Durante la infancia de Guadalupe, poco supo de muñecas, de hecho sólo tuvo una. Nada supo de celebraciones. Nada de caricias. Nada de palabras de amor. Nunca un apapacho por un logro escolar. Nunca experimentó la alegría de festejar un cumpleaños. Nunca tuvo la ilusión de un regalo de Reyes Magos o de Santa Claus.

Entre paredes de adobe, techos de cartón, golpes y maldiciones de su madre, Lupe creció con la ausencia de las vitales caricias filiales y palabras de amor fraterno.

Su vida fue un mar de golpes físicos y una masacre psicológica. El pan de cada día fueron las prohibiciones. Así se hizo mujer. Así se casó.

Con la ilusión, el amor y la felicidad de la recién casada inició una “nueva etapa” en su vida. Creyó que aquellos días aciagos se habían terminado.

Guadalupe nunca imaginó que la violencia que vivió en el seno familiar la seguiría como sombra.

Atrás había dejado a un verdugo. Después se enfrentaría a otro. Su esposo. Un hombre que se casó con ella, pero no por amor…

¿Por qué se unió a ella? No lo sabía. De lo que sí estaba segura es que su vida en matrimonio era la continuación de su desafortunada infancia.

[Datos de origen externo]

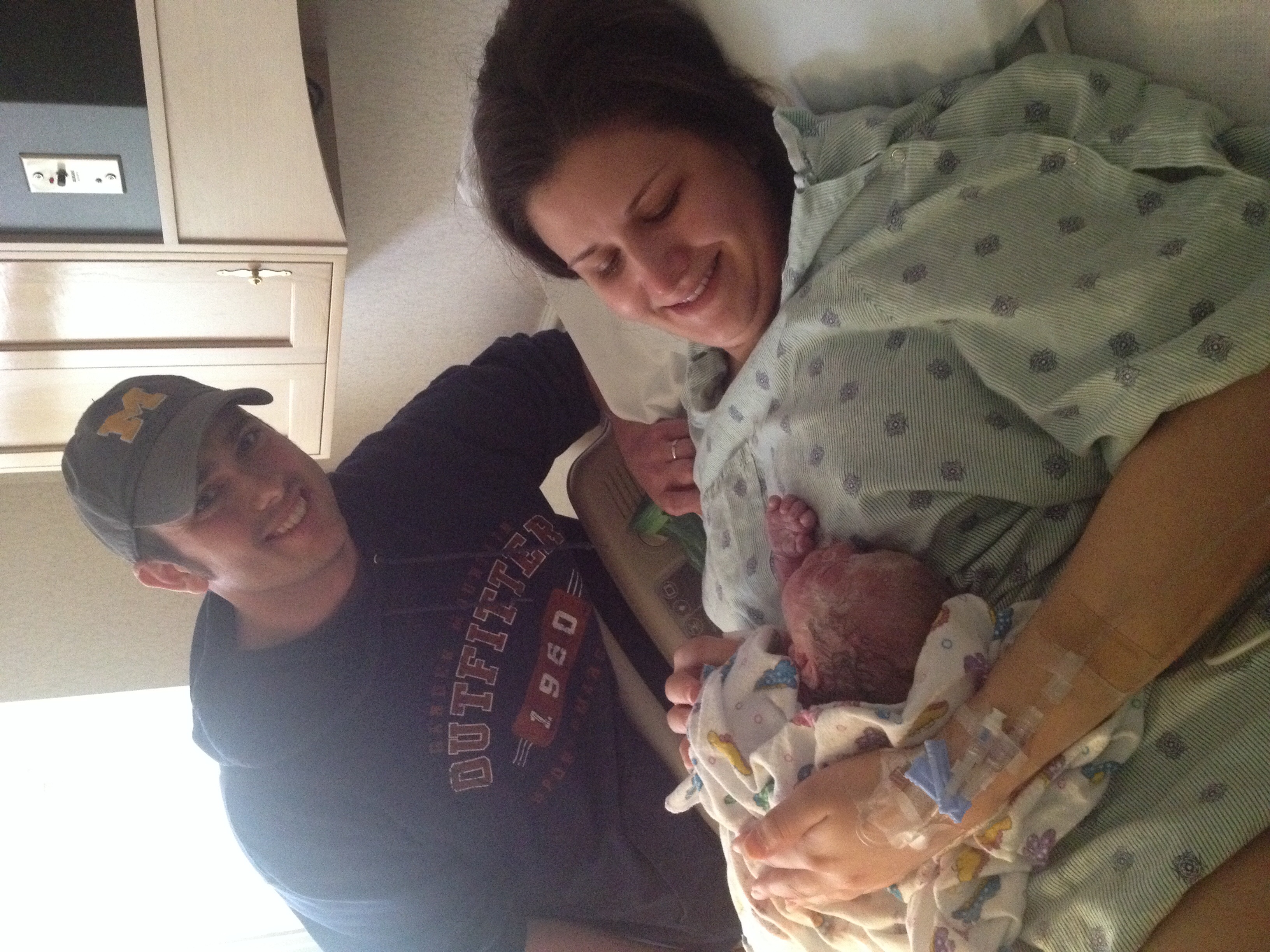 Woke up at 4am with contractions about 3-5 min apart. Got to the hospital about 5:30-6am. Epidural around 8:45 am. Parker was born at 12:10 pm, 5lbs, 18 inches. Epidural was awesome. Barely felt a thing and was laughing and joking with the nurses. Parker came out screaming! They let me hold him, did delayed cord clamping, and he started pouting his mouth so attempted breast feeding and he did great! Nurses say he is doing awesome for being early. All he has right now is an iv and monitors. They said he could be in the NICU for 1-2 wks, but if he keeps impressing the nurses and docs, who knows. I only had one med student in the room and the deal was he had to take pictures. I look like crap but love the picture of Parker right after birth. So happy . (His nose was smushed some from birth but it's slowly straightening out, poor kiddo)

Lupe no tuvo Luna de Miel ni Noche de Bodas. No hubo caricias ni palabras de amor. Sólo la soledad de un cuarto de hotel. De un lugar vacío en la cama nupcial. Así comenzaba su nueva vida. Era el presagio de lo que sería su vida conyugal. Un amor hacia su esposo que no le dejó ver lo que le esperaba después.

Un matrimonio formado por dos personas con nada en común entre ellas: una, enamorada del hombre de su vida, la otra, indiferente a los sentimientos de la mujer que acababa de hacer su esposa.

Guadalupe era la que más amaba, las más entregada al menor deseo del esposo que adoraba. Así tenía que ser porque no quería que la sentencia de su madre se cumpliera: “a ti nunca nadie te va a querer porque eres fea, fea como un sapo, ningún hombre se va a fijar en ti…”

Cuando pequeña nunca tomó en cuenta esas palabras, pero ahora tomaban sentido, por eso nunca le reprochó su ausencia en la noche de bodas. Por eso aceptó dócilmente que llegara casi al amanecer embrutecido por el alcohol.

Tenía miedo que él se enfureciera igual que su madre lo hacía cuando ella trataba de defenderse o de rogarle que ya no la golpeara más. Por eso cuando amorosa le pidió a su esposo que juntos arreglaran la casa donde iban a vivir, ella entendió que ahora el verdugo era más poderoso, más grande, con más fuerza para gritar y golpear.

Las ansias de sentir una caricia, de escuchar una palabra de amor, de experimentar el cariño de otro ser, de formar una familia, la hicieron “fuerte” para soportar el desamor, la indiferencia y la brutalidad.

Su único objetivo era lograr a todo precio el amor del hombre que se fijó en ella y que se casó con ella, porque estaba segura que con su amor, atención y devoción lograría que su esposo algún día la amara.

El amor que Guadalupe le tenía no la dejaba ver o no quería ver que en la vida de su esposo no había lugar para ella. Y es que se resistía a que las palabras proféticas de su madre se cumplieran, por eso estaba decidida a luchar por un sitio en el corazón de su esposo. Y así los años. Guadalupe tuvo un matrimonio de humillaciones, de descalificaciones, de golpes, de amor ausente. Igual que en su infancia.

Sólo que el verdugo ya no era su madre, ahora el ejecutor, era el hombre que con palabras bonitas la había enamorado para tener una “pareja” con quien desahogar sus frustraciones de amores pasados y fallidos y de una infancia también carente de amor.